Exercise aim
Go to the line holding "The Rock Island" in the data below and repeat it exactly, then each line after it up to and including the one holding "Шестеркин подписался на". Omit pictures.

Source data
┄┄┄┄┄┄

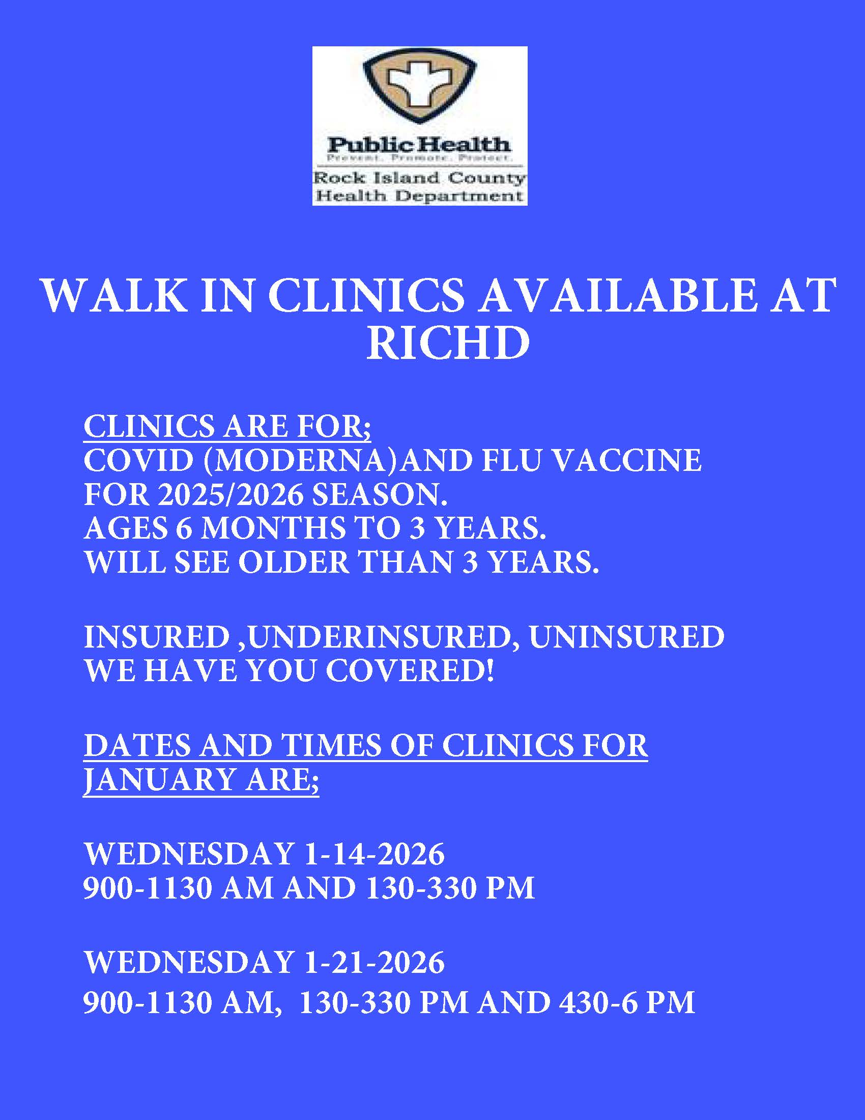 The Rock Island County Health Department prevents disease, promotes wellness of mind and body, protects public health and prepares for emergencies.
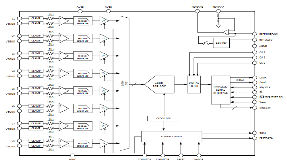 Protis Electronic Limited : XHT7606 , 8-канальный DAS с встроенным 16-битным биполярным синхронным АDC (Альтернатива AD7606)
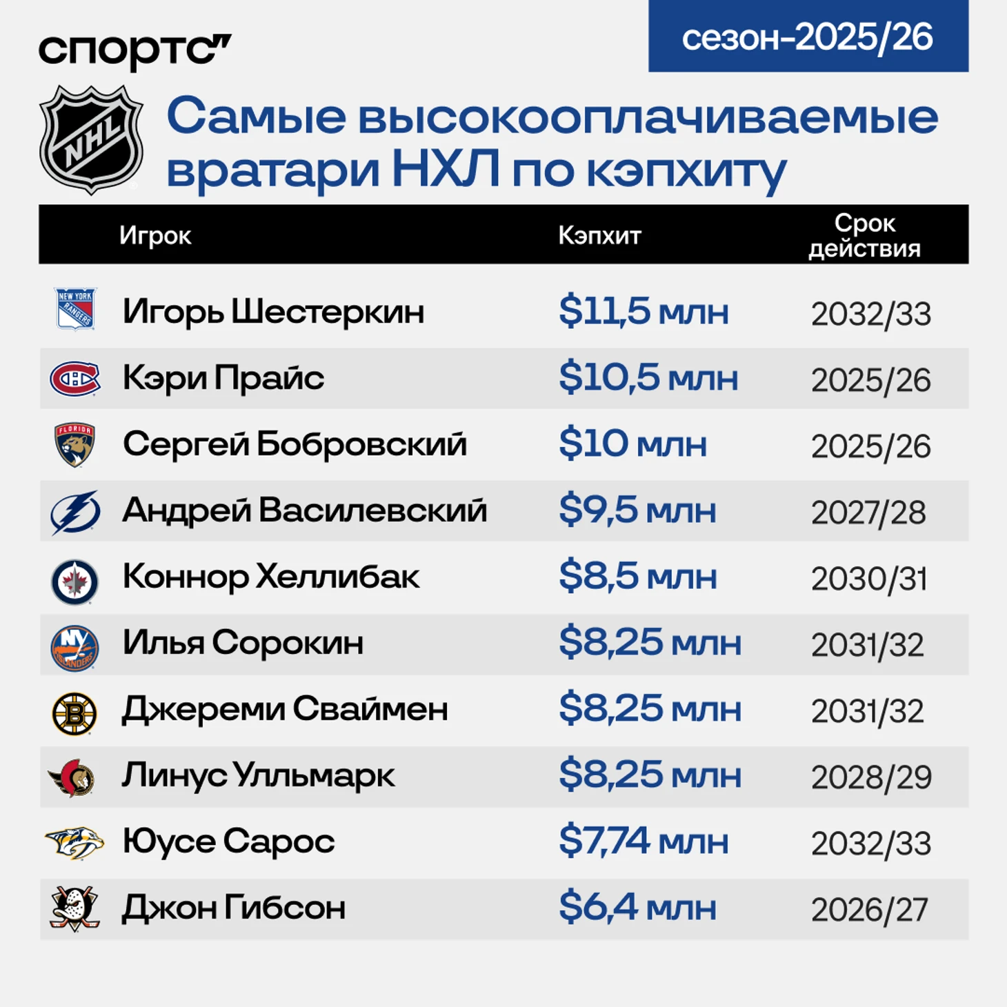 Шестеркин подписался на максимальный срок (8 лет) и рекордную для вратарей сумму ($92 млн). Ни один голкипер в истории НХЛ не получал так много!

┄┄┄┄┄┄

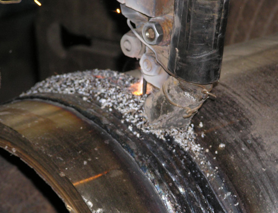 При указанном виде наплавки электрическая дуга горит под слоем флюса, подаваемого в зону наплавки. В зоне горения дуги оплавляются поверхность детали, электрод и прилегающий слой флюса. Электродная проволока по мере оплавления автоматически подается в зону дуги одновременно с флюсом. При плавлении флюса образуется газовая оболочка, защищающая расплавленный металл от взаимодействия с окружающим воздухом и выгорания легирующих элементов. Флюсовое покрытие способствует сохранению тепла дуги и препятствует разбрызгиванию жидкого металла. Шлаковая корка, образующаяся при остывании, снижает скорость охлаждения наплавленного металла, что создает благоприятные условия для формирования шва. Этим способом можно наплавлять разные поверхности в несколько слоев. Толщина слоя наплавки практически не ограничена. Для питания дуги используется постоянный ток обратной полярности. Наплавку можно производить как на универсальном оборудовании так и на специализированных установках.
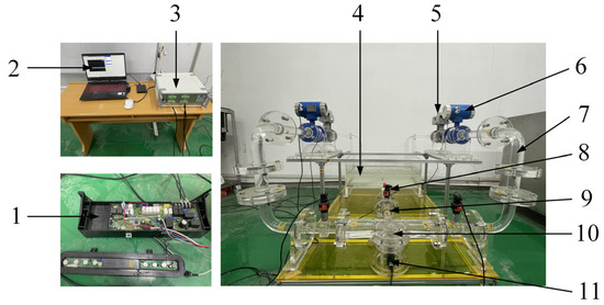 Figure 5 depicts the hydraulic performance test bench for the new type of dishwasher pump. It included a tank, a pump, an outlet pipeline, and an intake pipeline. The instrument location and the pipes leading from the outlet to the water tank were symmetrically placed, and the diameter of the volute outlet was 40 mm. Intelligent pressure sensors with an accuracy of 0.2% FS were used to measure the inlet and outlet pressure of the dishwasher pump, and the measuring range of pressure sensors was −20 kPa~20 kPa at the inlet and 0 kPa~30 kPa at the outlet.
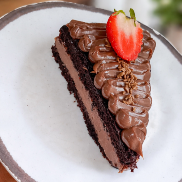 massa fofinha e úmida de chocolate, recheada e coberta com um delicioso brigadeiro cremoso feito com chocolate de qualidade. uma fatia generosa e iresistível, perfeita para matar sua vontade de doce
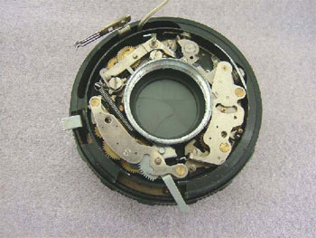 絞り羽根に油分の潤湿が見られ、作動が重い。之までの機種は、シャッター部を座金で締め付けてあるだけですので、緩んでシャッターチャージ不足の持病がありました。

┄┄┄┄┄┄

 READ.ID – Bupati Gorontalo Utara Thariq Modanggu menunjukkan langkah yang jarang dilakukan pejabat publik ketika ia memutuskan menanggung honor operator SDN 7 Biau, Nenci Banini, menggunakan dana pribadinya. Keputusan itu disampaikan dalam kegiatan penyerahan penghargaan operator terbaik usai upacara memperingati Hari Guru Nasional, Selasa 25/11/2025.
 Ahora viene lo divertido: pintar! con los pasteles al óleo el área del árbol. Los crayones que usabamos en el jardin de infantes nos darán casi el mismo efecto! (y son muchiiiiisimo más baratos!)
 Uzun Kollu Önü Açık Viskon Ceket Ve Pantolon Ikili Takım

┄┄┄┄┄┄

Task response
 The Rock Island County Health Department prevents disease, promotes wellness of mind and body, protects public health and prepares for emergencies.
 Protis Electronic Limited : XHT7606 , 8-канальный DAS с встроенным 16-битным биполярным синхронным АDC (Альтернатива AD7606)
 Шестеркин подписался на максимальный срок (8 лет) и рекордную для вратарей сумму ($92 млн). Ни один голкипер в истории НХЛ не получал так много!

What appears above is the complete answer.